So what belongs in your Build-Depends list? debhelper (>= 8.0.0) is listed by default, because you'll basically always want it. Debhelper gives you all kinds of useful shortcuts and anything prefixed with dh_ probably comes from here. Yeah, you want that, it makes your life easier. We're building a python package, so let's add... python! Amazing how that works. If your package had C extensions, you'd also want to include python-all-dev in this list. If you're using setuptools, you'll need that too, it's called python-setuptools. Ideally you'd also specify a minimum version number for each of these things (except python, but that's a whole can of worms, just leave it without a version). I tend to leave explicit versions off of the Build-Depends while getting a new package working, then go back and add them later, once I know exactly what I need and what's available.

In the binary package section, we don't need to change a lot. Unless you're building C extensions or have some other dependency on x86 architecture, change that to "all", which causes the build system to create one binary package that can be installed on any system, like a home router with an ARM chip, for example. If you left this as "any", you'd have to rebuild the binary for each target architecture.

It's worth noting, your binary package name does not have to be the same as your source package name. It's actually fairly common for a source package to be something like "sqlalchemy" that creates a binary named "python-sqlalchemy". In the case of Python packages, the convention is that libraries and module are prefixed with "python-" where services and tools that just happen to be written in Python aren't prefixed.

A single source package can define several binary packages. For example, the "sqlalchemy" source package creates a "python-sqlalchemy-doc" binary, so that you can install the docs separately. Multiple binary packages are outside the scope of this document.

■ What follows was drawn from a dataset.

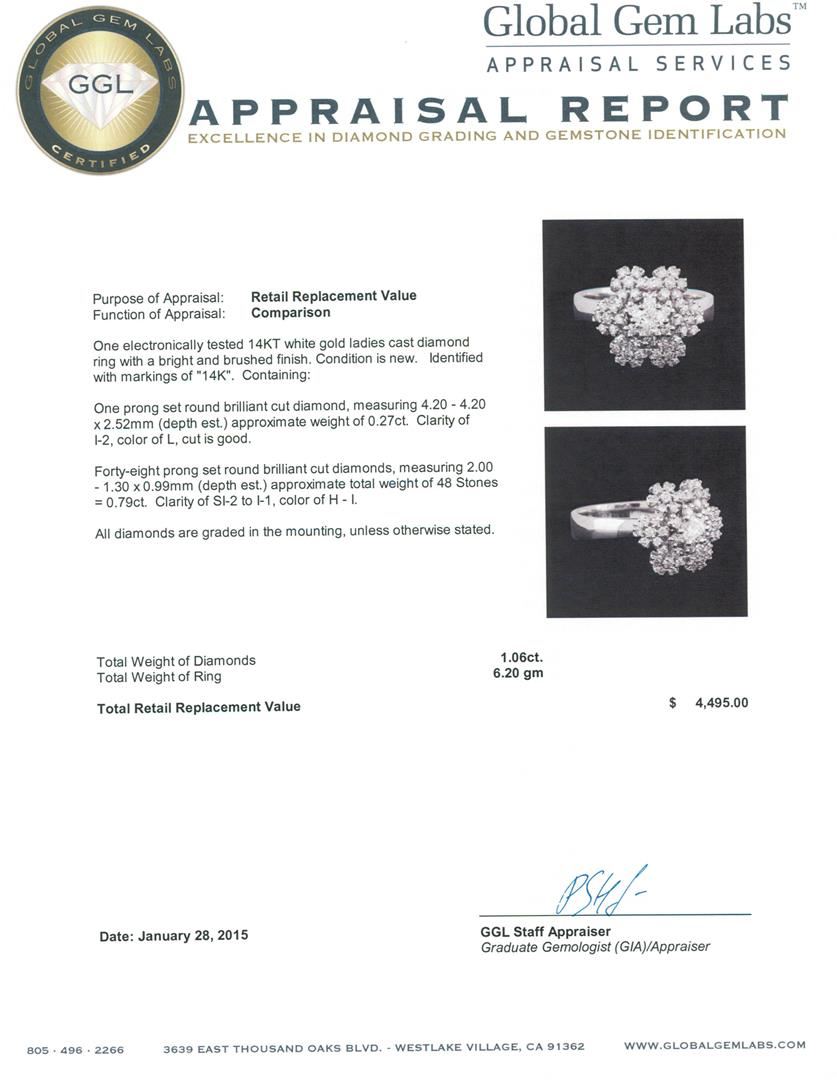 One electronically tested 14KT white gold ladies cast diamond ring with a bright and brushed finish. Identified with markings of "14K". Condition is new. Containing: One prong set round brilliant cut diamond, measuring 4.20 - 4.20 x 2.52mm (depth est.) approximate weight of 0.27ct. Clarity: I-2. Color: L, Cut is Good. Forty-Eight prong set round brilliant cut diamonds, measuring 2.00 - 1.30 x 0.99mm (depth est.) approximate total weight of 48 Stones = 0.79ct. Clarity: SI-2 to I-1. Color: H - I. All diamonds are graded in the mounting, unless otherwise stated. Total Weight of Diamonds 1.06ct. Total Weight of Ring 6.20 grams. GGL Appraised at $4,495.00.

At this point, you should have something like this:

Source: myfirstwebapp
Section: misc
Priority: extra
Maintainer: Jeremy Grosser <>
Build-Depends: debhelper (>= 8.0.0), python
Standards-Version: 3.9.2

Package: myfirstwebapp
Architecture: all
Depends: ${shlibs:Depends}, ${misc:Depends}, python-bottle, python-jinja2
Description: My first web app!
 There are many like it, but this one is mine. Accessories sold separately, batteries not included.

debian/copyright lists out who maintains this code, who wrote it, who owns the rights to it, how they've licensed it, etc, etc. Technically you don't need it, but somebody somewhere on the internet cares about this sort of thing. If you ignore it, prepare for an onslaught of trolls.

debian/docs is simply a list of documentation files that come with your package. They'll get installed somewhere under /usr/share/doc and nobody will ever read them before emailing you. How sad. In most cases, you'll just put something like "README.txt" in here and call it a day.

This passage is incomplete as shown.